Records from a collection -
━━━━
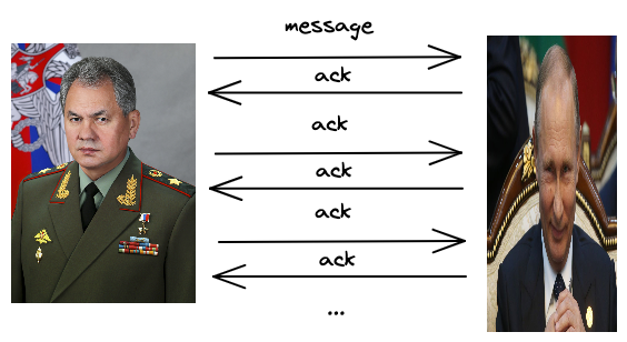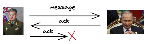 Что же надо сделать, чтобы избежать такого исхода? Всё просто с первого взгляда. Давайте пошлём гонца обратно, и пусть он сообщит о том, что доставил своё сообщение, тогда путаницы не будет, верно же?
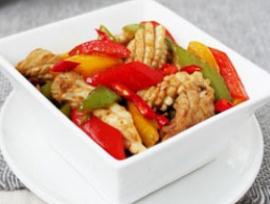鲜鱿鱼600克、青椒30克、红椒30克、黄椒30克、小米椒1个、姜、蒜头、葱、蚝油3克、沙茶酱3克、盐、米酒。
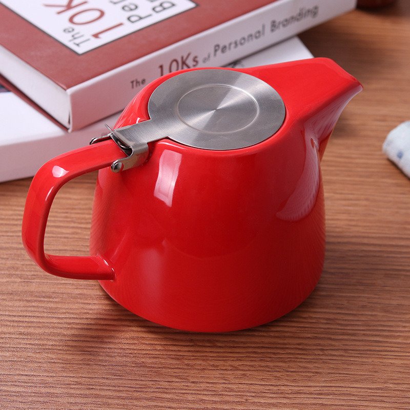 Porcelain teapot with stainless steel lid perfectly brew the tea, does not leak and tickle. Using teapot infuser will be very convenient and enough for all family members or guests.
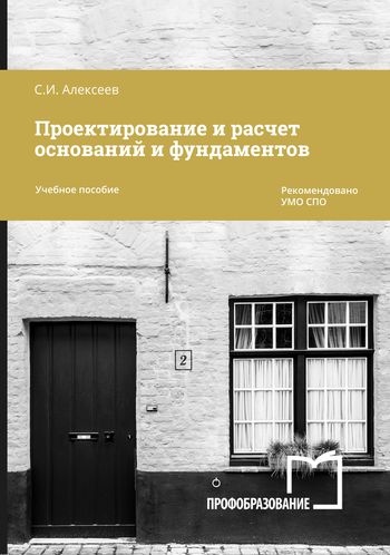 Алексеев, С. И. Проектирование и расчет оснований и фундаментов : учебное пособие для СПО / С. И. Алексеев. — 2-е изд. — Саратов, Москва : Профобразование, Ай Пи Ар Медиа, 2024. — 220 c. — ISBN 978-5-4488-2144-8, 978-5-4497-3347-4. — Текст : электронный // Цифровой образовательный ресурс IPR SMART : [сайт]. — URL: https://www.iprbookshop.ru/141481.html (дата обращения: 19.07.2024). — Режим доступа: для авторизир. пользователей
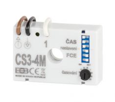 Spínač pod vypínač CS3-4M je v zapojení BEZ NULOVÉHO VODIČE a má možnost nastavení OSMI FUNKCÍ SEPNUTÍ.
━━━━
YOUR GOAL -
Although pictures appear among the records above, write out exactly only the lines from the one that has "鲜鱿鱼600克、青椒30克、" through the one that has "Porcelain teapot with", and leave the pictures out.

WORKED SOLUTION -
鲜鱿鱼600克、青椒30克、红椒30克、黄椒30克、小米椒1个、姜、蒜头、葱、蚝油3克、沙茶酱3克、盐、米酒。
 Porcelain teapot with stainless steel lid perfectly brew the tea, does not leak and tickle. Using teapot infuser will be very convenient and enough for all family members or guests.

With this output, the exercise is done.